Marden'S Farmhouse is a Grade II listed building in the Tendring local planning authority area, England. First listed on 30 January 1987. House.
Marden'S Farmhouse
- WRENN ID
- eternal-parapet-aspen
- Grade
- II
- Local Planning Authority
- Tendring
- Country
- England
- Date first listed
- 30 January 1987
- Type
- House
- Source
- Historic England listing
Description
Marden's Farmhouse is a house dating from the late 16th century, with alterations made in the 18th and 19th centuries. It is timber framed, primarily covered with red brick laid in Flemish bond, and partly weatherboarded, with a roof made of asbestos tiles. The house has four bays facing south, featuring an axial stack in the second bay from the left, which creates a lobby entrance, and an external stack at the right end, now enclosed by a single-storey service range with attics added in the 18th or 19th century, which includes an end stack. There is also a single-storey lean-to extension at the rear.

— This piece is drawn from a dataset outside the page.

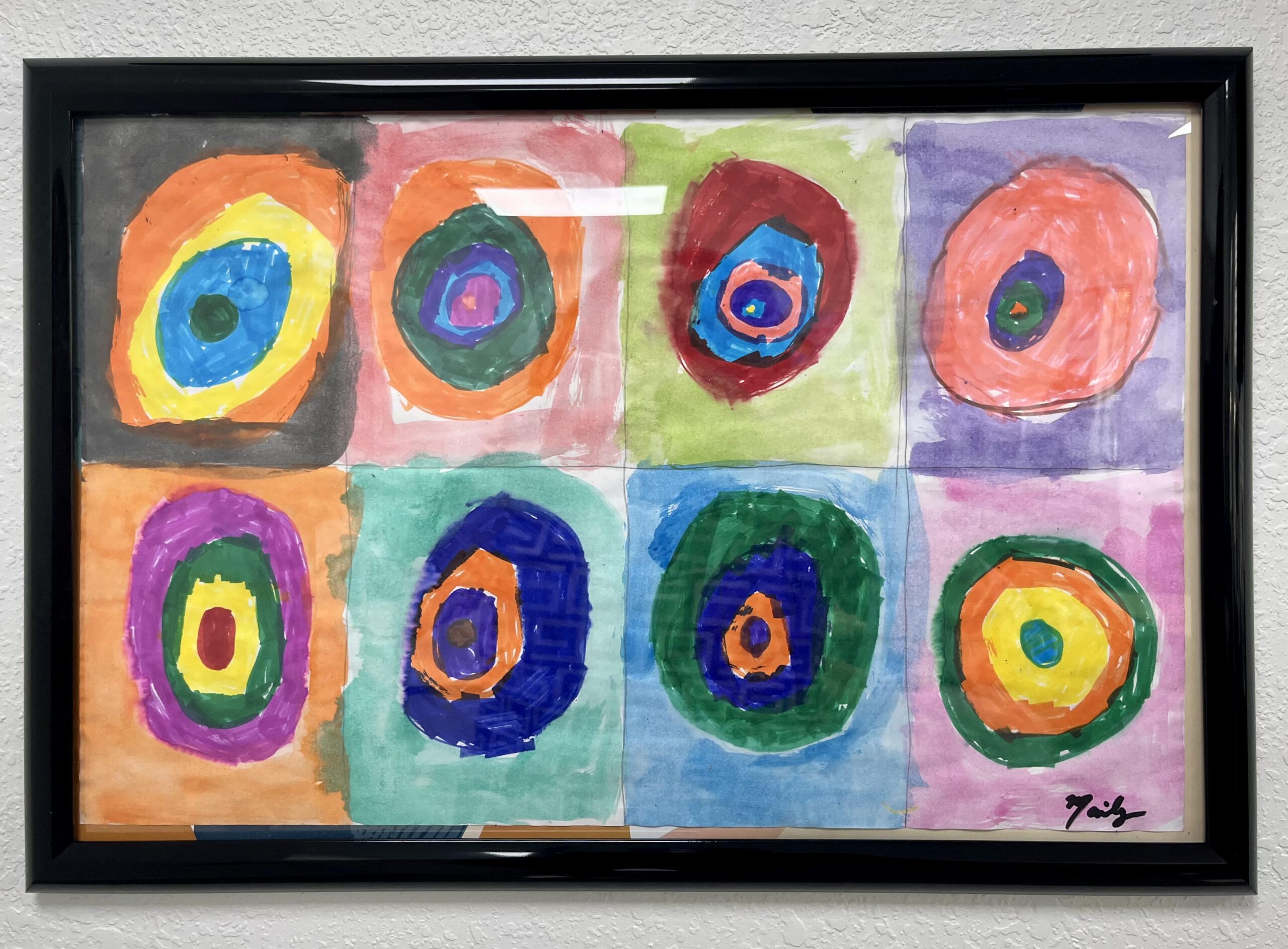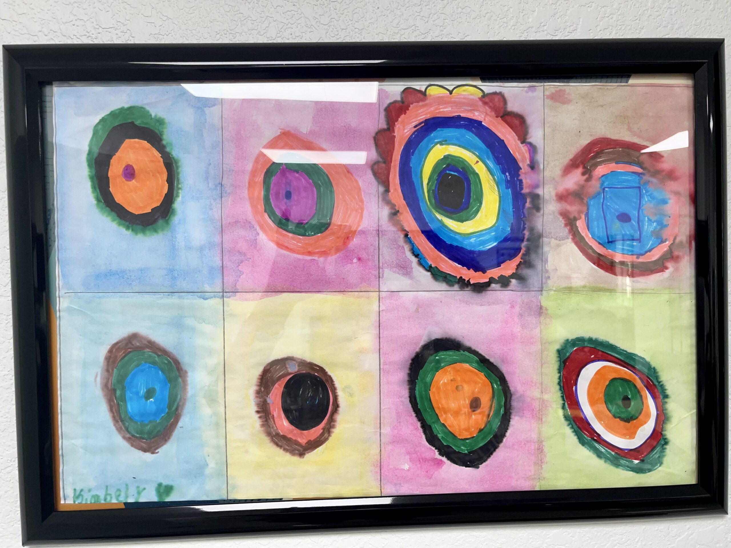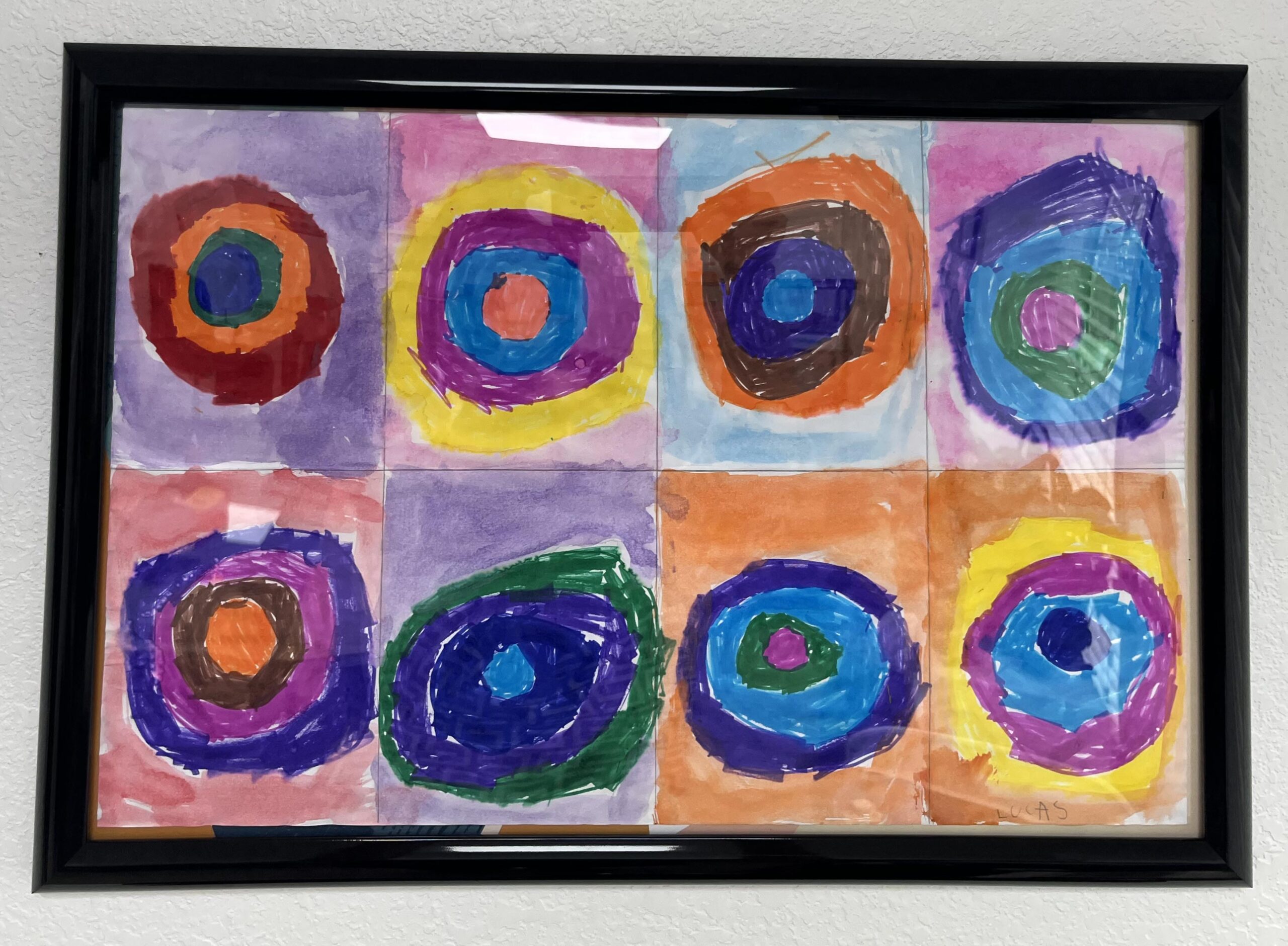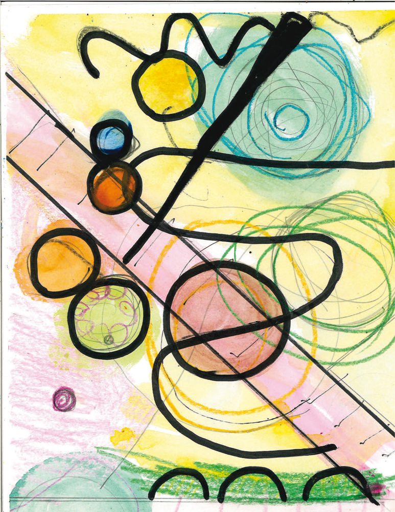 Kandinsky circles watercolor+marker on paper

The farmhouse is two storeys tall. On the ground floor, there are three mid-19th century tripartite sash windows with 2-4-2 lights. The first floor has three mid-19th century sashes with six lights and a blocked opening above the door. The front of the gabled porch features an early 19th-century six-panel flush door, with the top two panels glazed. The 19th-century brick cladding shows a straight joint behind the porch and has a plain string course to the left. The rear elevation is weatherboarded.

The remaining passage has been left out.